Double buffering: the app renders Buffer A and submits it to SurfaceFlinger. At the same time, the app starts rendering Buffer B. SurfaceFlinger composes and displays A. On the next frame, SurfaceFlinger composes and displays B while the app renders A. If either side finishes too quickly, it may need to wait for the other.
Triple buffering, which is more common: the app renders A and submits it, renders B and submits it, then renders C. SurfaceFlinger composes A. On the next frame, SurfaceFlinger composes B, and the app can continue rendering A if A has been released by SurfaceFlinger. This provides more buffer space, reduces the chance of waiting, and improves throughput, at the cost of adding roughly one frame of latency.

Diagram: BufferQueue and SurfaceFlinger composition flow

+-------------------------------------+       +-------------------------------------+
|           App Process               |       |        SurfaceFlinger Process       |
|-------------------------------------|       |-------------------------------------|
|  RenderThread (Producer)            |       | SurfaceFlinger (Consumer)           |
|   1. dequeueBuffer() from BufferQueue|       |                                     |
|   2. Render frame into Buffer N     |       |                                     |
|   3. queueBuffer(N) to BufferQueue  | ----> |                                     |
|                                     |       |                                     |
|                                     |       | 4. on VSYNC:                        |
|           +-------------+           |       |    - latchBuffer(N) from BufferQueue|
|           | BufferQueue | <---------------- |    - Collect layers from all apps   |
|           | [B0][B1][B2]|           |       |                                     |
|           +-------------+           |       | 5. Composition:                     |
|               ^       |             |       |    - Try HWC HAL (Hardware)         |
|               |       | releaseBuffer |       |    - Fallback to GPU (OpenGL ES)  |
|               `---------------------`       |                                     |
|                                     |       | 6. Submit Frame Buffer to Display HAL|
+-------------------------------------+       +----------------------+--------------+
                                                                       |
                                                                       V
                                                             +-----------------+
                                                             | Display Panel   |
                                                             +-----------------+

6. Special View types: SurfaceView vs TextureView vs SurfaceControlViewHost

Standard Views draw onto the Activity window’s Surface and participate in the unified View tree drawing flow. Some high-performance or specialized scenarios need a different mechanism.

6.1 SurfaceView

Mechanism: SurfaceView creates an independent window/Surface in WMS. That Surface sits below its host Activity window.
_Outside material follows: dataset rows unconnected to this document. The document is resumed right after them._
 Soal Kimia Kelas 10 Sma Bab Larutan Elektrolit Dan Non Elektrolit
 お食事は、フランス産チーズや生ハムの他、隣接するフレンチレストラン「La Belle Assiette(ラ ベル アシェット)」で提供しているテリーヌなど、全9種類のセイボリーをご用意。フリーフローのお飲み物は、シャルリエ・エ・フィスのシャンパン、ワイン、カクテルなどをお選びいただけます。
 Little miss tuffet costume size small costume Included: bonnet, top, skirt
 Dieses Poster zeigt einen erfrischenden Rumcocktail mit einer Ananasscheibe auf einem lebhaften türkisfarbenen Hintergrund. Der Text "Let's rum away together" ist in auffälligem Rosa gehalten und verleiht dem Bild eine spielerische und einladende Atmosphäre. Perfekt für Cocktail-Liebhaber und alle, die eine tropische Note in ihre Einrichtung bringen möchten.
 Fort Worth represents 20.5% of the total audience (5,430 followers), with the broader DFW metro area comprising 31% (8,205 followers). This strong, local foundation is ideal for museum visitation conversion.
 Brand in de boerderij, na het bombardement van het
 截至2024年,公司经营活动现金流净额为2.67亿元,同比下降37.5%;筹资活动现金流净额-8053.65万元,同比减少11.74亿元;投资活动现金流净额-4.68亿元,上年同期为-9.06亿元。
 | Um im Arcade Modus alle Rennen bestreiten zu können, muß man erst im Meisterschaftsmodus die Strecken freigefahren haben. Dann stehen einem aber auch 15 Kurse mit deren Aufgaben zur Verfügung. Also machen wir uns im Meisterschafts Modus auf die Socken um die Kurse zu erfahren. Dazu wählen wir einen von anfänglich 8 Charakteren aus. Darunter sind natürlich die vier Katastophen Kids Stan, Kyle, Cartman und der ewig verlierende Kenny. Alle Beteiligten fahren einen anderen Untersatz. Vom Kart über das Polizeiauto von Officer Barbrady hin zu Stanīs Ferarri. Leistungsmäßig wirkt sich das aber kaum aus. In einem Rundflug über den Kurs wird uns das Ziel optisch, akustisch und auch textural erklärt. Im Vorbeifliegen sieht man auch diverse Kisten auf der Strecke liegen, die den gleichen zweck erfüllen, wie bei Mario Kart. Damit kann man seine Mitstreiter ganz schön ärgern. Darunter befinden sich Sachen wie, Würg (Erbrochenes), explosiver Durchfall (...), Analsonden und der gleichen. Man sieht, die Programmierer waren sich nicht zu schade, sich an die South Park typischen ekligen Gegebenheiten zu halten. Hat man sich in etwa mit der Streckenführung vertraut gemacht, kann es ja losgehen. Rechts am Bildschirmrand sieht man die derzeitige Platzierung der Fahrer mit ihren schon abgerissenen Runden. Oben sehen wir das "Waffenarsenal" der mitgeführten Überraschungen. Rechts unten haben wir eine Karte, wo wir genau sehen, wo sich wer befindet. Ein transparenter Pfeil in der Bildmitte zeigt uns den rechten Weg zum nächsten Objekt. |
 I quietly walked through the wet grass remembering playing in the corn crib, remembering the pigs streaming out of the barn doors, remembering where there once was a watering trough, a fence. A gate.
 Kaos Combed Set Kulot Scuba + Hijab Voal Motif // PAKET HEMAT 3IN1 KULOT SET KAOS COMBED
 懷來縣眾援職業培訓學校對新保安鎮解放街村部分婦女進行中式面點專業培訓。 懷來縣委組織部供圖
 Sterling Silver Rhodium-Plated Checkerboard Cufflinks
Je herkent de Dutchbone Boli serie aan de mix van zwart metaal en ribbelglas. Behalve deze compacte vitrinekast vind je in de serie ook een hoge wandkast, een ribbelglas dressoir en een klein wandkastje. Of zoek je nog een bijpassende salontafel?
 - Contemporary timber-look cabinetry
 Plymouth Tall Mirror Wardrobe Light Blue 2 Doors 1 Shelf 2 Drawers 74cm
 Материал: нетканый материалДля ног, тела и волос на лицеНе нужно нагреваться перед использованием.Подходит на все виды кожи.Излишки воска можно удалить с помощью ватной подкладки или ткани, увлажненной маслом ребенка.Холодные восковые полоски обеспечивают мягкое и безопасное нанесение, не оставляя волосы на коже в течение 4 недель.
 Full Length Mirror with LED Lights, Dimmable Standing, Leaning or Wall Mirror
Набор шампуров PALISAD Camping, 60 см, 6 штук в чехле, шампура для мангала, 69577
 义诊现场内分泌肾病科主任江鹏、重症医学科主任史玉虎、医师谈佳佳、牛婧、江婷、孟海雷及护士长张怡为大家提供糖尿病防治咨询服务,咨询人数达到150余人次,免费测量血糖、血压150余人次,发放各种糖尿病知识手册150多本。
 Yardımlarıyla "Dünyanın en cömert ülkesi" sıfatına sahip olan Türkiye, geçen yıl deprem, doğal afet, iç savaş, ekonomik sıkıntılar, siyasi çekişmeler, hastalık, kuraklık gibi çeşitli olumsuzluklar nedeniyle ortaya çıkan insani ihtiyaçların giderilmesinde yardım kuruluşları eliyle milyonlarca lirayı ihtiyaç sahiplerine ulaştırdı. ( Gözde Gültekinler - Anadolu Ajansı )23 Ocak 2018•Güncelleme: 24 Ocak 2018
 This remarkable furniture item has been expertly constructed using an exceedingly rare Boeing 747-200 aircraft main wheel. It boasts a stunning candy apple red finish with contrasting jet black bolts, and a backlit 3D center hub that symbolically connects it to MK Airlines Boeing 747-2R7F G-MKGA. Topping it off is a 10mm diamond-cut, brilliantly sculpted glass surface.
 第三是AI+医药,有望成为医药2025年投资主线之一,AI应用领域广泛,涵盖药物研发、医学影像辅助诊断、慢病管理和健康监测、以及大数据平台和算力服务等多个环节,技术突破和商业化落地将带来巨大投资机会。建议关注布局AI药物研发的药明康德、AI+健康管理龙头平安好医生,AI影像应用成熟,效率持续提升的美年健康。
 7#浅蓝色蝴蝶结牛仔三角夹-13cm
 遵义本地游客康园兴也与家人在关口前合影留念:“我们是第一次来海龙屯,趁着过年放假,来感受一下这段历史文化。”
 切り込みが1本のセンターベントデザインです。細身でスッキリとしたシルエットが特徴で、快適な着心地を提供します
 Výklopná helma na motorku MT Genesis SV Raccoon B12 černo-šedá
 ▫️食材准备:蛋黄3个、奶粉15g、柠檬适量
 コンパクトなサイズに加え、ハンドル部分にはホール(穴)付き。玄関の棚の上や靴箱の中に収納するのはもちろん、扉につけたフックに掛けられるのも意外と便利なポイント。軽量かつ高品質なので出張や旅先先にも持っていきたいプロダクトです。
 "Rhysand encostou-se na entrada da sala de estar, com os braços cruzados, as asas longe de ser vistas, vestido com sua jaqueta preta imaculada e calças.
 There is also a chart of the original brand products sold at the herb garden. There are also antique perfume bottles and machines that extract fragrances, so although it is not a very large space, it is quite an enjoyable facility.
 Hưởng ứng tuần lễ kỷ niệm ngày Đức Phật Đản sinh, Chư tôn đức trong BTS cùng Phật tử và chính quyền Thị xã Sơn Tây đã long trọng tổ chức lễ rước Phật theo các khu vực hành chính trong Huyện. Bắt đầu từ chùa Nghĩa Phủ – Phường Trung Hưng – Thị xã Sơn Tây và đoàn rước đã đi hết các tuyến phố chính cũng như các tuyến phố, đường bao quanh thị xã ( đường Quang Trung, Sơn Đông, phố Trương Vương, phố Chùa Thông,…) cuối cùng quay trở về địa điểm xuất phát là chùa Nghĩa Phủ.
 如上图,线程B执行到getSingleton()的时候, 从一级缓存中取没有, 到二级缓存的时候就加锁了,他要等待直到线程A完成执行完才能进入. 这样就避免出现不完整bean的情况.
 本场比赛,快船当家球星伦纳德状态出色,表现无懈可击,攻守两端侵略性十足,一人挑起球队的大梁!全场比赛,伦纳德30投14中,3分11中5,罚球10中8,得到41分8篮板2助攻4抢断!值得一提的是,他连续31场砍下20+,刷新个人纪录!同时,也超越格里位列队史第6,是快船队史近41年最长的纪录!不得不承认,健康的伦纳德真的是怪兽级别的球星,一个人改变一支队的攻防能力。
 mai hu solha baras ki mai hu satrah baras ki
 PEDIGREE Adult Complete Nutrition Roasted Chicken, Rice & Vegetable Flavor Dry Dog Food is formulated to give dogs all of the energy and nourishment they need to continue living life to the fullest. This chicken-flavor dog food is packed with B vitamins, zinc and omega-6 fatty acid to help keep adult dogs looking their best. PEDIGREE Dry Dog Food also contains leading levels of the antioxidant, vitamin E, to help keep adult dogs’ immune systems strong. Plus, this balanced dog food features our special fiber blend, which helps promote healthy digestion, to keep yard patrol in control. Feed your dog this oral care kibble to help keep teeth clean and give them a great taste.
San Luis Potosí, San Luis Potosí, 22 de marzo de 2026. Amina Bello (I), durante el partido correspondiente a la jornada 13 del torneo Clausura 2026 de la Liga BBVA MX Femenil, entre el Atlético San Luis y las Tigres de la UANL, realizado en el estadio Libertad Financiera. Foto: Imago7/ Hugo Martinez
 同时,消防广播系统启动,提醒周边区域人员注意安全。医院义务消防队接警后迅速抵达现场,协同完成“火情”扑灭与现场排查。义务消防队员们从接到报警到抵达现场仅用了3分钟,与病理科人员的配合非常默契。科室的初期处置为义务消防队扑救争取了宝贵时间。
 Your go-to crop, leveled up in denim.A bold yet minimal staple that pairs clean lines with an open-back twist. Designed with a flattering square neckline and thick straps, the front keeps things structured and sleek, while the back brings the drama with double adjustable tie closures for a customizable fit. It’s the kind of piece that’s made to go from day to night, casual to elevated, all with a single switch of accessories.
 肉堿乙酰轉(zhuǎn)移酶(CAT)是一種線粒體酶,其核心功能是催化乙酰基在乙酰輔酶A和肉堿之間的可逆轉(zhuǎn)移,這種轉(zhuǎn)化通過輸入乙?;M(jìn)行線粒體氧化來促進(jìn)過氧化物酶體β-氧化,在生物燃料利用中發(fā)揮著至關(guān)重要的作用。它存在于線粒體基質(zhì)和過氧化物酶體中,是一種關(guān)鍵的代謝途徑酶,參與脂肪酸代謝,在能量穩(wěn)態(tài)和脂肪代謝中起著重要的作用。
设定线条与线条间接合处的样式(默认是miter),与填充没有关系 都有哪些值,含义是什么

The View in the host window leaves a transparent hole so the independent Surface below can show through. The key point is that rendering into this independent Surface does not pass through the View tree’s draw() flow. Instead, the developer controls it directly on a separate thread, usually a background thread, using OpenGL ES, Vulkan, Canvas = Surface.lockCanvas(), or content driven by frameworks such as MediaPlayer or Camera.
Advantages:
- Highest performance: rendering happens on an independent thread and completely bypasses the app UI thread bottleneck. Its independent Surface can be composed directly by SurfaceFlinger through HWC if the hardware supports it and there are no complex transforms, avoiding an extra GPU composition pass.
- Low latency: content can reach SurfaceFlinger faster, making it suitable for video playback, camera preview, games, and other high-frame-rate, low-latency scenarios.
Disadvantages:
- Hard View integration: because it is effectively a separate window layer, it is difficult to translate, rotate, scale, fade, or animate like a normal View. SurfaceControl APIs can support some of this, but the work is more complex. Visually, it stays below the host View.
- Input event handling: input event forwarding needs special handling.
- Animation synchronization: synchronizing with animations in the View hierarchy can be difficult.

6.2 TextureView

Mechanism: TextureView itself is a normal hardware-accelerated View. Internally it owns a SurfaceTexture. SurfaceTexture is a special OpenGL ES texture object that can receive image stream data from other threads, such as a video decoder thread or camera preview thread. When TextureView participates in the View tree’s draw() flow, it draws the current SurfaceTexture content like a normal texture.
Advantages:
- Behaves like a normal View: it can move, rotate, scale, change alpha, and participate in View hierarchy animations. Integration and usage are simpler.
Disadvantages:
- Performance cost: compared with SurfaceView, it adds overhead. Content must first be uploaded into a GPU texture, then drawn as part of the View tree, and finally composed by SurfaceFlinger as part of the Activity’s main window.
- Higher latency: the data path is longer.
- Memory cost: SurfaceTexture consumes GPU memory.
- Main-thread dependency: while content can come from a background thread, TextureView’s own drawing, which paints the texture, still happens through the UI/RenderThread pipeline and can be affected by main-thread jank.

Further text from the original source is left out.